J’observais ma tante et notamment ses jambes croisées. Elle avait vraiment des guiboles bien balancées, des mollets bien galbés et des chevilles fines ainsi que des pieds élancés. Sa poitrine autour d’un 90B était un pur bonheur à deviner sous son chemisier sans oublier son cul et sa bouche adorable.

A 15 heures précises, le taxi nous déposait devant l’imposante demeure. Nous n’eûmes plus qu’à sonner pour être accompagnés jusque dans le hall. Véronique se tenait bien droite, perchée sur ses escarpins avec son sac à main. Elle avait une prestance, une élégance peu commune dans son tailleur impeccable et ses jambes à la peau blanche lui apportait un attrait sexuel involontaire. Pour précision ma tante bronzait peu, partant du principe qui n’est pas faux que le bronzage apportait des rides supplémentaires avec le temps qui passe. La fameuse Hanna s’empressa de nous accueillir et comme la dernière fois, nous nous dirigeâmes vers le salon où Zusu père et fils nous attendaient.

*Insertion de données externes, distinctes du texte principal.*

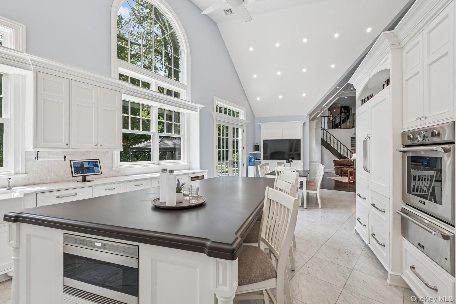 A Rare and one-of-a kind living experience awaits you in this Hampton Style sun-drenched beauty. Gracefully poised and beautifully designed, this unique farm ranch exudes sophistication, class and gracious North Shore luxury living. This property located in the acclaimed "The Gates" of Woodbury, boasts the utmost attention to detail, finest European imported materials, seamless quality and extraordinary custom creations. Fine finishes, to include wainscoting, custom mill work and built-ins, are evidenced throughout. Offering an impressive two story entry, with beautifully appointed formal rooms with an incredible open concept eat-in-kitchen and adjoining great room that are the heart of the home and offer a wonderful layout for exceptional entertaining and personal comfort. The gourmet kitchen is a chefs delight featuring top of the line appliances, subzero, Bosch, Miele and Thermador. The expansive custom cabinetry offers endless possibilities for all your storage needs. The kitchen is further outfitted with 2 dishwashers, a wine cooler, garbage disposal, an insta-hot faucet, warming drawer, two subzero refrigerated drawers, 6 burner stove with griddle, built-in microwave, 3 ovens, Carrara marble counter top and floor, large stone center island, radiant heat, impressive ceiling and under counter mounted LED lighting. Tons of natural light pour in thru the impressive custom floor-to-ceiling windows and skylights. Enjoy formal dining in the banquet sized dining room with coffered ceiling. Watch endless movies and sports events in your very own first floor soundproof movie theater room which includes a wet bar, subzero fridge, microwave and cabinetry. Bask in the awe-inspiring luxury of 6 bedrooms and 6 full bathrooms (all en suite) and 2 half baths. Retreat to the sumptuous primary suite located on the main floor which features a fireplace, dual closets, a sitting area, and a luxurious marble bathroom with dual sinks, a Toto toilet, in its own water closet, soaking tub and eucalyptus infused steam shower. French doors from the primary suite lead to a blue stone porch overlooking a resort-like backyard including a gunite pool, with a fully functional pool house with kitchenette, bathroom and recreation room. The second floor features 4 en suite bedrooms. Each king size and boasting marble accented bathrooms with Toto toilets. One of the bedrooms is part of a nanny/in-law/guest suite, which includes a sitting area, wet bar and full shower bathroom. Be prepared to be amazed by the suspended cat walk that connects the east and west wings of the second floor. Follow the oak spiral staircase to a bonus room that has a multitude of possibilities to meet your families needs. Need more space? The finished basement offers the perfect extension of additional entertainment space, numerous closets, and houses the utilities. The laundry room is conveniently located on the main floor and contains 2 washers, 2 dryers, a mud sink and plenty of cabinets and counter space. The one acre property is expertly maintained and includes well lit low lying and towering mature specimen plantings. The hardscape was well thought out and includes wide blue stone walkways, multiple patios, stone pillars and an expansive blacktop drive way with cobblestone accents that accommodates 12 cars. Enjoy the convenience of an oversized 3 car garage with plenty of room for storage, custom interlocking flooring and an electric car charger. This home is nothing short of perfection and awaits its discerning buyer. Don't miss your chance to experience the ultimate in luxury living on Long Island's Gold Coast! Located just 15 minutes from the North Shore beaches of Long Island, 45 min to NYC, near the finest shopping, restaurants, parks, golf courses and country clubs. Check out our Virtual Tour!
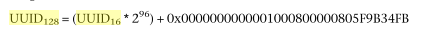 在询问了硬件工作人员之后,我得到了一个将UUID32映射到UUID128的角色示例如下:

— Ravi de vous revoir Madame. Dit le père en se levant.

— Moi de même Monsieur Zusu. Répondit-elle quelque peu intimidée.

— Hanna va vous montrer le premier étage.


Ken n’avait pas décroché un mot, juste un regard envers moi mais il avait observé ma tante à la loupe. Je restais dans le salon tandis que Hanna accompagnait ma tante en lui faisant des recommandations. Ken ne bougeait pas, aux ordres de son père confortablement installé dans un fauteuil très design. D’un geste de la main, un de ses domestiques en gants blancs nous apportait rien qu’à nous deux une flûte de champagne. 

Ken était à la fois nerveux et impatient, il piétinait de ses pieds le parquet hongrois parfaitement entretenu. Son père en japonais lui intima l’ordre de se calmer. Je me serais cru dans ses films de guerre dans lesquels les japonais parlaient de la même manière, une prononciation crue, hachée et rauque. 


— Patrick, je vous appelle ainsi ce sera plus facile pour moi, expliquez un peu à mon fils comment il doit s’y prendre avec madame votre tante.

— Alors Ken, comme c’est la première fois il ne faut pas être impatient. Tu dois lui faire des câlins, beaucoup de câlins et parle lui doucement.

— Mais monsieur, je vais l’embrasser et ensuite… 

— Non… D’abord tu lui caresses les seins par exemple et ensuite l’intérieur des cuisses. Tu as vu comment je faisais à Genève.

— Oui bien sûr mais j’ai peur d’être trop rapide.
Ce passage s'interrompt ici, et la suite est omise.